YOUR GOAL: None of the images should appear in your copy. Transcribe the data in full.

DATA BELOW:
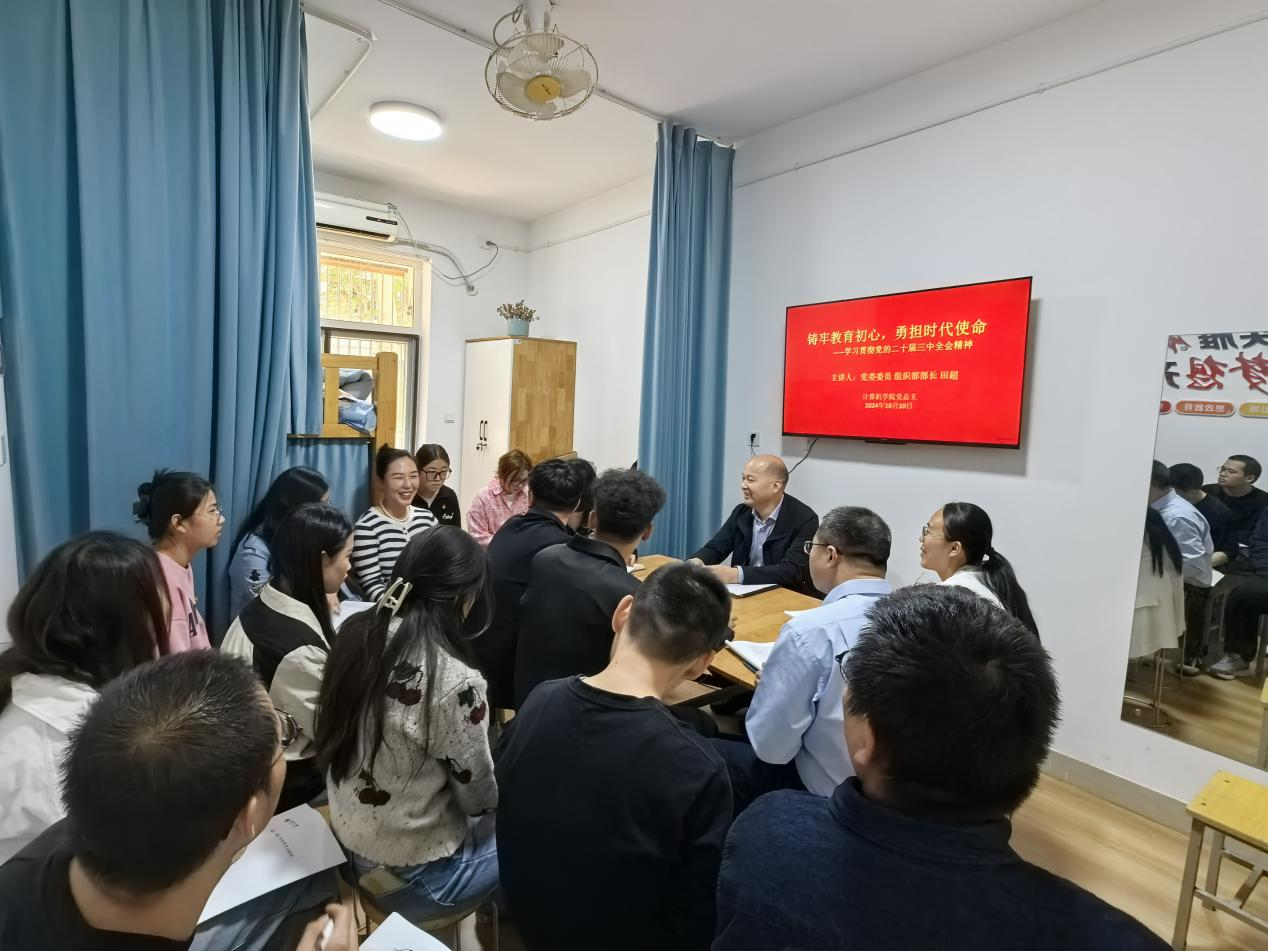10月10日下午,党委委员、组织部部长田超深入5号公寓计算机学院“一站式”社区,为师生作“筑牢教育初心,勇担时代使命”为题的党的二十届三中全会精神专题宣讲。学院党总支书记武楠、院长杨方琦、党总支副书记张俊娜、教师党员、党外知识分子代表及学生党员代表等参加宣讲会。
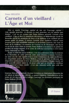 Ces Carnets, inédits jusqu’à présent, proposent une sorte de traité de la vieillesse à la sensibilité maîtrisée et au lyrisme contenu, à la manière de Cicéron ou de Montaigne. Leur sont adjoints quelques courts textes relatifs à la vieillesse, extraits d’autres écrits de Franz Hellens.
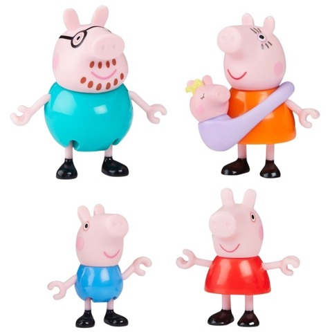 This collection features figures Daddy, Mummy, George, and Peppa, plus a baby carrier accessory with Evie that attaches to either Daddy or Mummy. All four figures feature interlocking hands.
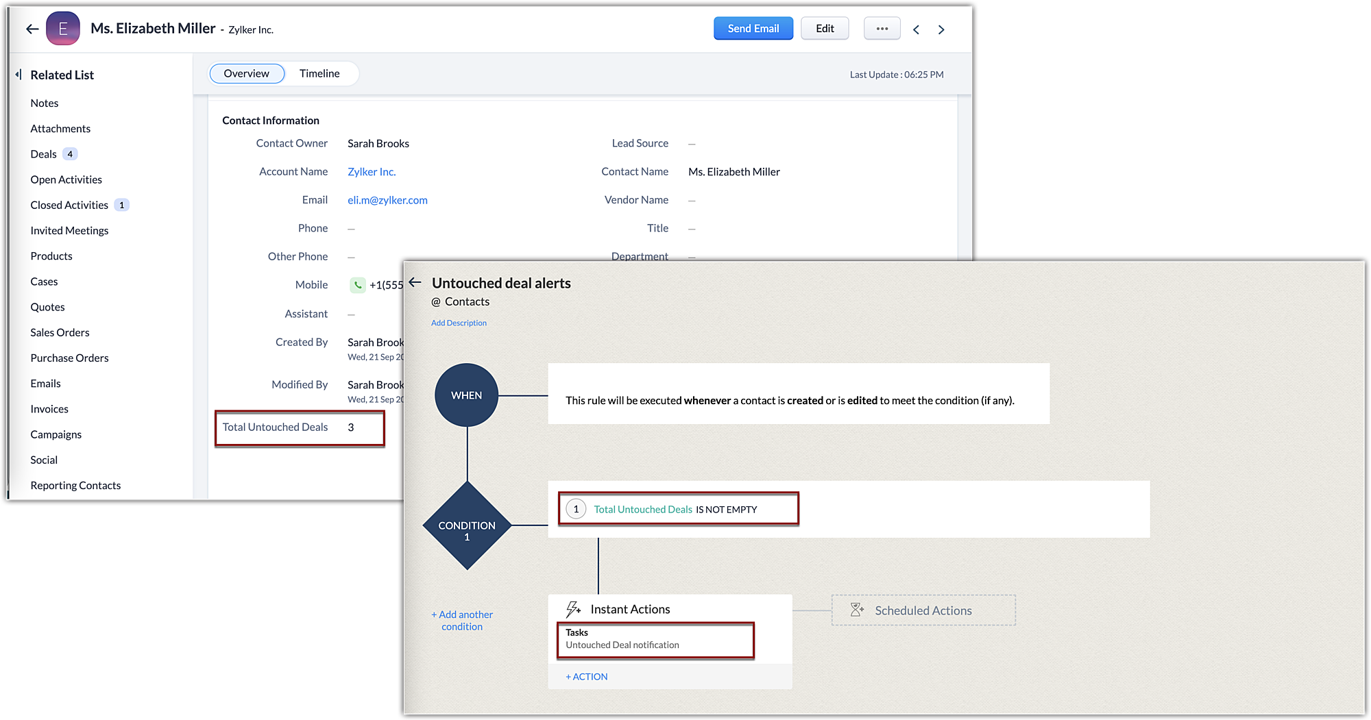 未処理の商談とは、何のアクションも行っていない商談を指します。このような商談は、停滞するだけでなく、ビジネスにとっても不利な状況になります。しかし、日々多くの商談が発生するエンタープライズビジネスでは、手動で未処理の商談を特定し、フォローアップすることは、機会損失となりかねません。未処理の商談を確認するため、連絡先タブに未処理の商談の件数を表示する集計項目を作成することで、素早くフォローアップや自動化処理を行うことができます。

EXERCISE RESPONSE:
10月10日下午,党委委员、组织部部长田超深入5号公寓计算机学院“一站式”社区,为师生作“筑牢教育初心,勇担时代使命”为题的党的二十届三中全会精神专题宣讲。学院党总支书记武楠、院长杨方琦、党总支副书记张俊娜、教师党员、党外知识分子代表及学生党员代表等参加宣讲会。
 Ces Carnets, inédits jusqu’à présent, proposent une sorte de traité de la vieillesse à la sensibilité maîtrisée et au lyrisme contenu, à la manière de Cicéron ou de Montaigne. Leur sont adjoints quelques courts textes relatifs à la vieillesse, extraits d’autres écrits de Franz Hellens.
 This collection features figures Daddy, Mummy, George, and Peppa, plus a baby carrier accessory with Evie that attaches to either Daddy or Mummy. All four figures feature interlocking hands.
 未処理の商談とは、何のアクションも行っていない商談を指します。このような商談は、停滞するだけでなく、ビジネスにとっても不利な状況になります。しかし、日々多くの商談が発生するエンタープライズビジネスでは、手動で未処理の商談を特定し、フォローアップすることは、機会損失となりかねません。未処理の商談を確認するため、連絡先タブに未処理の商談の件数を表示する集計項目を作成することで、素早くフォローアップや自動化処理を行うことができます。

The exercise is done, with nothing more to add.